Benches on the Anna Maria City Pier. A boardwalk in Anna Maria. Wall decor.
Emails to the city of Anna Maria contain a plethora of suggestions for re-purposing or salvaging the engraved Anna Maria City Pier planks when the pier is rebuilt.
Ayres Associates, the engineering firm hired to rebuild the pier, estimated it will take 62-82 weeks to repair and rebuild the structure.
Hurricane Irma’s passage Sept. 10-11 left the pier “totally destroyed,” according to the terms of the city’s lease with Mario Schoenfelder, which defines total destruction as damage that takes more than 120 days to repair.
However, the city has maintained the pier was in poor shape even before the hurricane.
A 2015 marine survey that found the pier in need of repair sent the city searching for repair bids before Hurricane Irma hit.

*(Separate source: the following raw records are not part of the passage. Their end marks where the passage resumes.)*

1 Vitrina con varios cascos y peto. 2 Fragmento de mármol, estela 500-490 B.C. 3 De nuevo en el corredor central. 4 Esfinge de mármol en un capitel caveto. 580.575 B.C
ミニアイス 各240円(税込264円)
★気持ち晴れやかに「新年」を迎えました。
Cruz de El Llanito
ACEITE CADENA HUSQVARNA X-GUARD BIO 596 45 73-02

In a proposal Oct. 19, Ayres suggested using concrete pilings and lumberock — a mineral-plastic composite — planks to rebuild the pier and give it a 100-year lifespan. Commissioners voted to preserve the pier as long as possible.
One question dominated the conversation: What will the city do with the existing planks?

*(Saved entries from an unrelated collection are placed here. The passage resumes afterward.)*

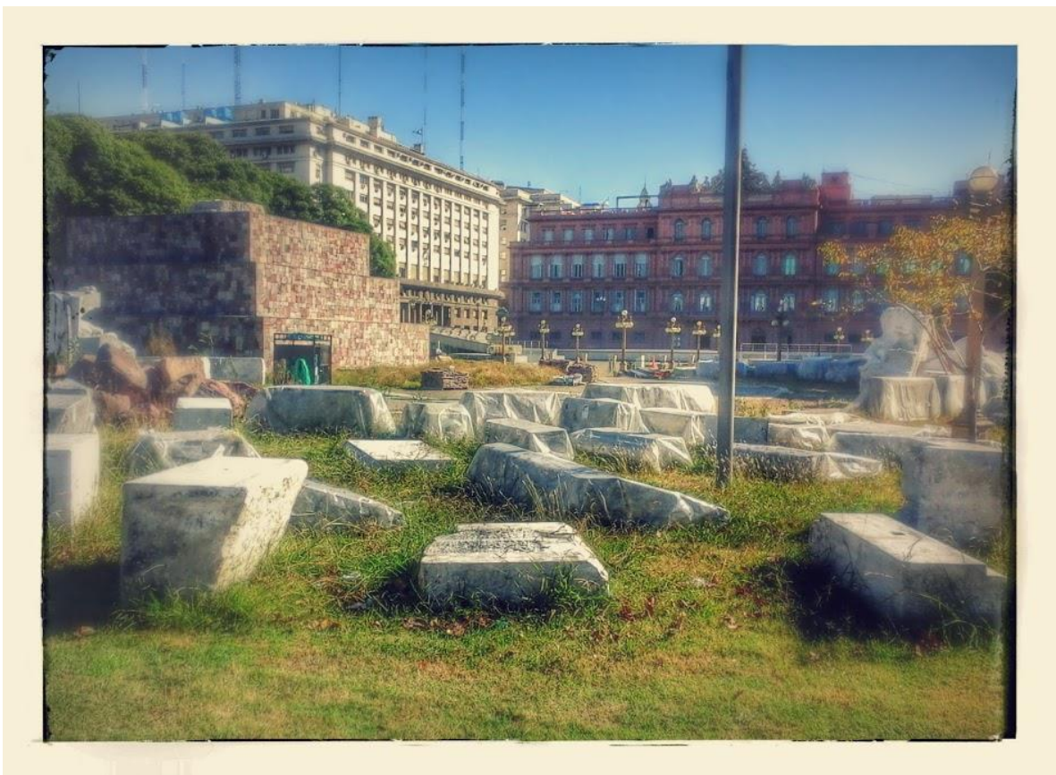
Monumento a Colón hoy. Desmenbrado y semiembalado por partes, en bolsas.
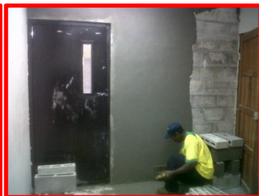
TRABAJOS DE ADECUACIÓN
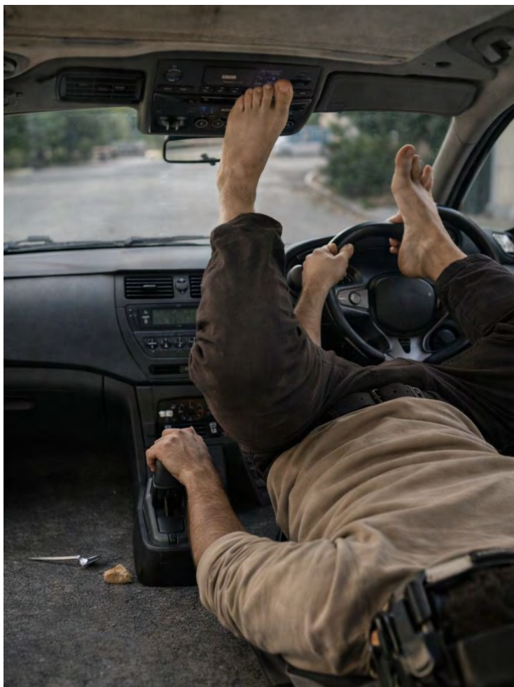
Fig. 2.3 — Unitate de transport personal (configurație standard)

Descriere: Vehicul cu suport cranian integrat. Operator fixat în punctul de echilibru. Comenzi executate cu membrele inferioare.
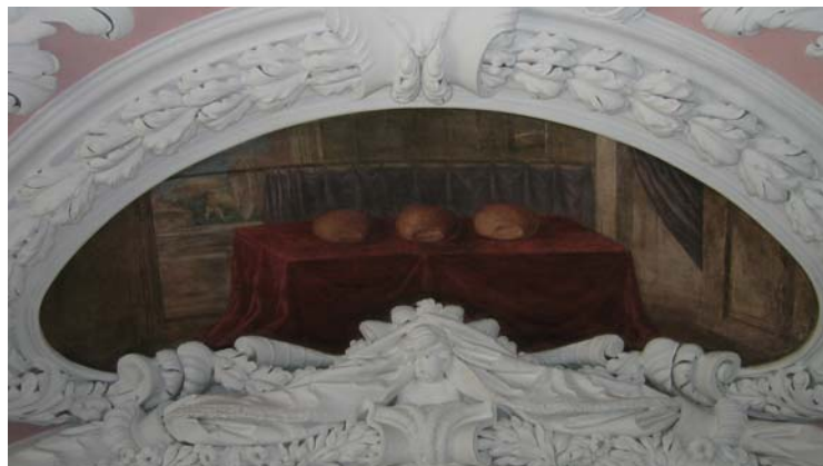
Tisch mit Schaubrotten (Ex 25,30)
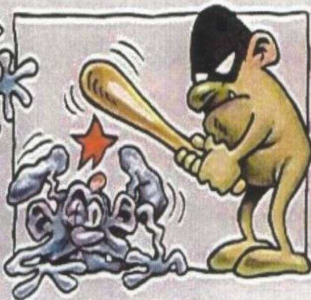
5. Avstraffelse av de skyldige
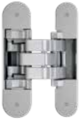
IN570130V703 Plata Satinado
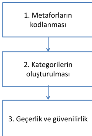
Şekil 1. Verilerin analizi ile ilgili gerçekleştirilen aşamalar

Araştırmada verilerin analizi ile ilgili gerçekleştirilen aşamalar Şekil 1'de gösterilmektedir.
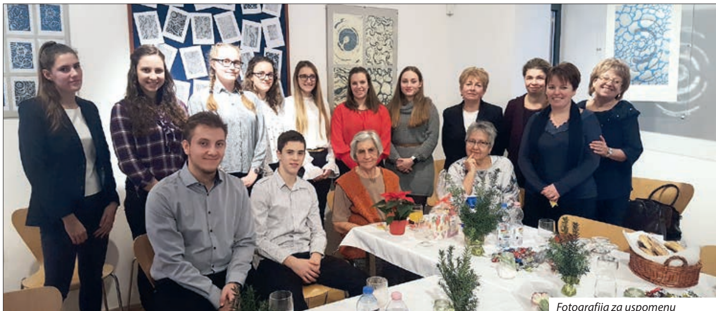
Fotografija za uspomenu

Prije dvadeset i pet godine utemeljena je Zaklada „Za buduću hrvatsku (šokačku) inteligenciju“ koja od tada pomaže učenike na srednjim i visokim školama te studente na fakultetima koji su nakon završetka školovanja voljni raditi na prosvjetnom i kulturnom uzdizanju domaćega hrvatskog stanovništva i čuvati njegovu samobitnost. Tu je zamisao imao i Matija Kovačić, pokretač ove hrvatske zaklade u Mohaču. Godine 1994. tada umirovljeni učitelj, danas pokojni Matija Kovačić utemeljio je Zakladu „Za buduću hrvatsku (šokačku) inteligenciju“.
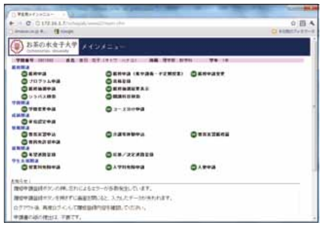
■メインメニュー画面
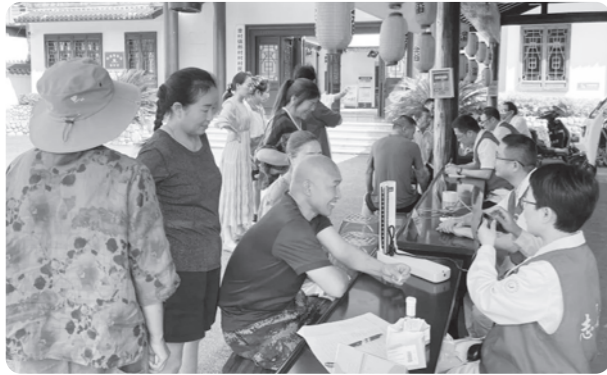
▲湖州市委会在“环境与健康宣传周”活动中为“非遗”演员体检

6月9日上午，农工党湖州市委会组织县医疗专家党员赴安吉县章村镇郎村开展“护航非遗点亮长城，章村健康服务行”活动，为当地“响木舞”演员及村民进行健康体检咨询。
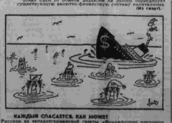
КАМДЫЙ СПАСАЕТСЯ, КАК МОЖЕТ. Рисунки из западногерманской газеты «Франкфуртер Трунджунг».

ЛОНДОН. 9. (ТАСС). Под нажимом общественного мнения и по требованию лейбористской оппозиции правительство консерваторов приняло сегодня решение отозвать на два дня — 22 и 23 сентября — распушенный на летние каникулы парламент для обсуждения положения в Ольстере в связи с обостряющейся там обстановкой.

People have proposed all sorts of ways to reuse the sponsor planks, engraved and installed as part of the pier’s 100-year anniversary celebration in 2010 in a partnership between the pier tenant, the City Pier Restaurant, and The Islander.
Not all people are interested in saving their planks — one email from a plank owner sent to the city of Anna Maria says the engraving was dedicated to a now-failed relationship and the owner’s plank could be destroyed without heartache.
But the vast majority of writers asked for their planks to be reused or returned.
“We hope that the planks will be used in some way at least that we can still see them,” wrote Bradenton residents Carol and Gerry Verrechia Oct. 27 in an email.
Douglas Terry, president of a once active group known as the Pier Regulars, asked Murphy to consider park benches, which he suggested would be helpful to old-timers walking the pier.
An email signed by the Callen family asks the city to keep a plank made in honor of their parents. Jim Callen was one of the founders of an early Anna Maria Turtle Watch organization. “My parents are no longer with us and we would like to keep this memory,” the email reads.
Rick Karcher, an architect in Pennsylvania, recommended re-purposing the planks for wall or ceiling coverage in the pier restaurant.
The city has been searching for solutions to retain the planks. Mayor Dan Murphy appealed to commissioners Nov. 9, asking them to authorize his search for alternatives to destroying the planks.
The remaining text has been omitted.